> _YOUR INSTRUCTIONS_:
Excluding any images, copy all of the lines below precisely as written.

> _Collected data entries_:
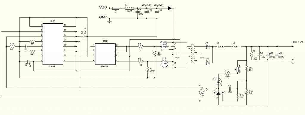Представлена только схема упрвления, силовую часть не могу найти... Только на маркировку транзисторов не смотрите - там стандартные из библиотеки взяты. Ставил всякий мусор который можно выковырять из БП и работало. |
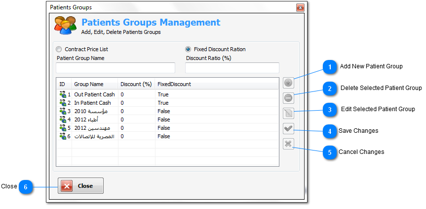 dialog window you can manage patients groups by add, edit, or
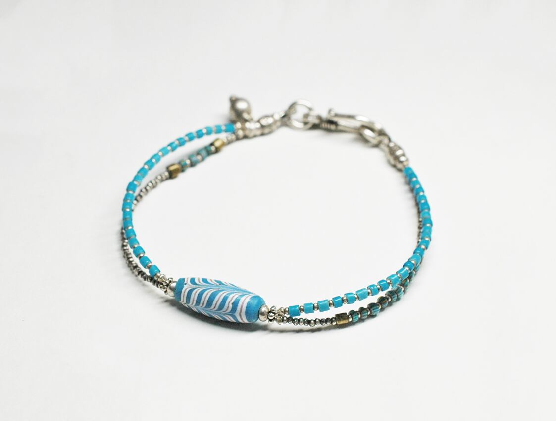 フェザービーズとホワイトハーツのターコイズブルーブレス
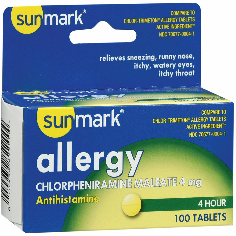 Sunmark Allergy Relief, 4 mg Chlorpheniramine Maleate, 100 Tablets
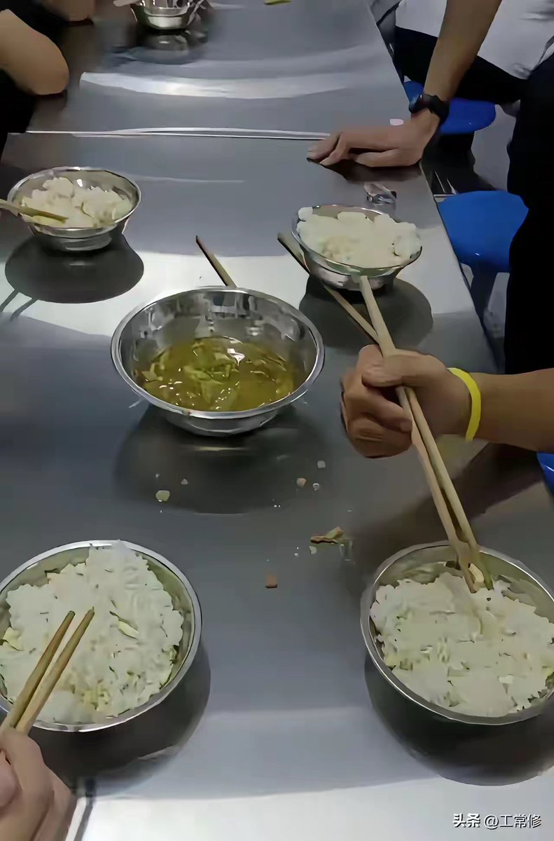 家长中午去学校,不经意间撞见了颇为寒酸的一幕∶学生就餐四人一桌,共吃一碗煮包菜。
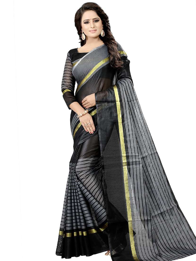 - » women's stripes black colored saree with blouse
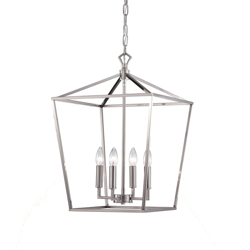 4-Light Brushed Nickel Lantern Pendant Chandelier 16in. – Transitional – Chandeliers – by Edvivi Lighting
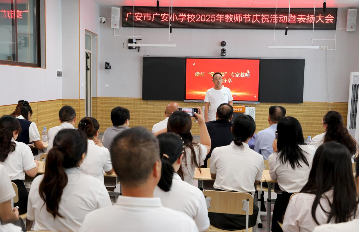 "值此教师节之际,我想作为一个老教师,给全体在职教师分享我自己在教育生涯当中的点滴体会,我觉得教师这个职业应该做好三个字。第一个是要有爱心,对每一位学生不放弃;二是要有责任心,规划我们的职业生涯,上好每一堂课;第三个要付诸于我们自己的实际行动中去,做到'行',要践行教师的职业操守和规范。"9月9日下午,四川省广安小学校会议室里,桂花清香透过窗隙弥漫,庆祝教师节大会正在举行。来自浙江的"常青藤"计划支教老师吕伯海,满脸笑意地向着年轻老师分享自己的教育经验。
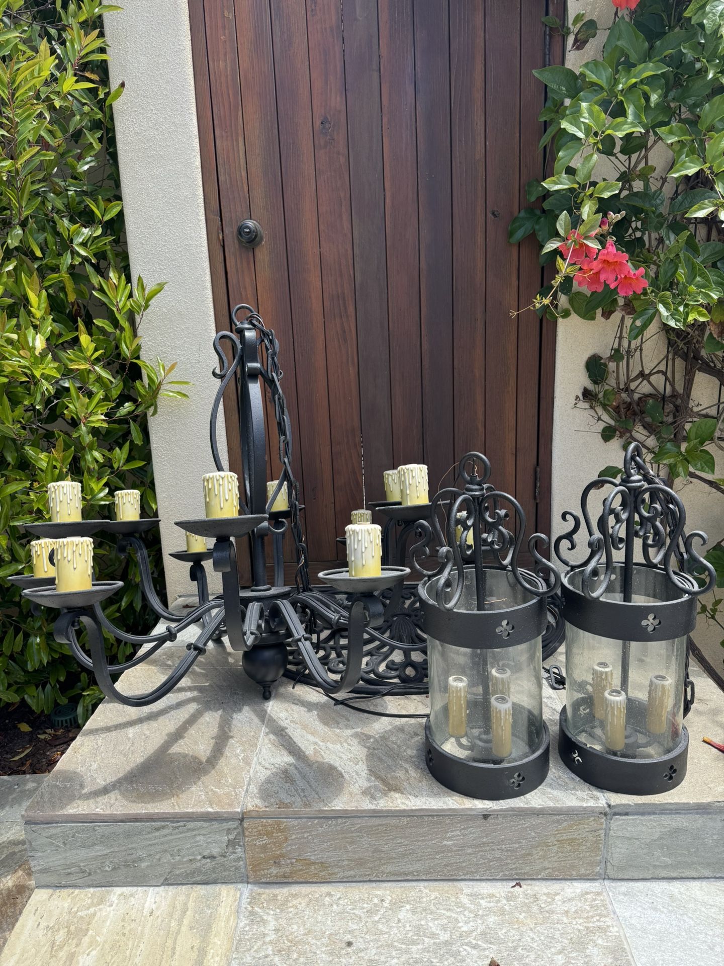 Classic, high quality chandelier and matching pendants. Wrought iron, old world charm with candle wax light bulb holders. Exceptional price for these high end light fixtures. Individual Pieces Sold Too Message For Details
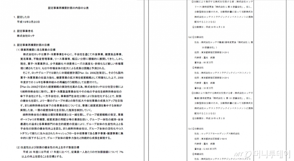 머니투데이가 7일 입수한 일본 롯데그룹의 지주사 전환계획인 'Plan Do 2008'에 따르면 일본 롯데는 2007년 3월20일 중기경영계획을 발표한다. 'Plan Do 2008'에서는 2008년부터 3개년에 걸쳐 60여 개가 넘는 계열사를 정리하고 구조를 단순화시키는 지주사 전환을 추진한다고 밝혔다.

> _RESULT FOR THIS TASK_:
Представлена только схема упрвления, силовую часть не могу найти... Только на маркировку транзисторов не смотрите - там стандартные из библиотеки взяты. Ставил всякий мусор который можно выковырять из БП и работало. |
 dialog window you can manage patients groups by add, edit, or
 フェザービーズとホワイトハーツのターコイズブルーブレス
 Sunmark Allergy Relief, 4 mg Chlorpheniramine Maleate, 100 Tablets
 家长中午去学校,不经意间撞见了颇为寒酸的一幕∶学生就餐四人一桌,共吃一碗煮包菜。
 - » women's stripes black colored saree with blouse
 4-Light Brushed Nickel Lantern Pendant Chandelier 16in. – Transitional – Chandeliers – by Edvivi Lighting
 "值此教师节之际,我想作为一个老教师,给全体在职教师分享我自己在教育生涯当中的点滴体会,我觉得教师这个职业应该做好三个字。第一个是要有爱心,对每一位学生不放弃;二是要有责任心,规划我们的职业生涯,上好每一堂课;第三个要付诸于我们自己的实际行动中去,做到'行',要践行教师的职业操守和规范。"9月9日下午,四川省广安小学校会议室里,桂花清香透过窗隙弥漫,庆祝教师节大会正在举行。来自浙江的"常青藤"计划支教老师吕伯海,满脸笑意地向着年轻老师分享自己的教育经验。
 Classic, high quality chandelier and matching pendants. Wrought iron, old world charm with candle wax light bulb holders. Exceptional price for these high end light fixtures. Individual Pieces Sold Too Message For Details
 머니투데이가 7일 입수한 일본 롯데그룹의 지주사 전환계획인 'Plan Do 2008'에 따르면 일본 롯데는 2007년 3월20일 중기경영계획을 발표한다. 'Plan Do 2008'에서는 2008년부터 3개년에 걸쳐 60여 개가 넘는 계열사를 정리하고 구조를 단순화시키는 지주사 전환을 추진한다고 밝혔다.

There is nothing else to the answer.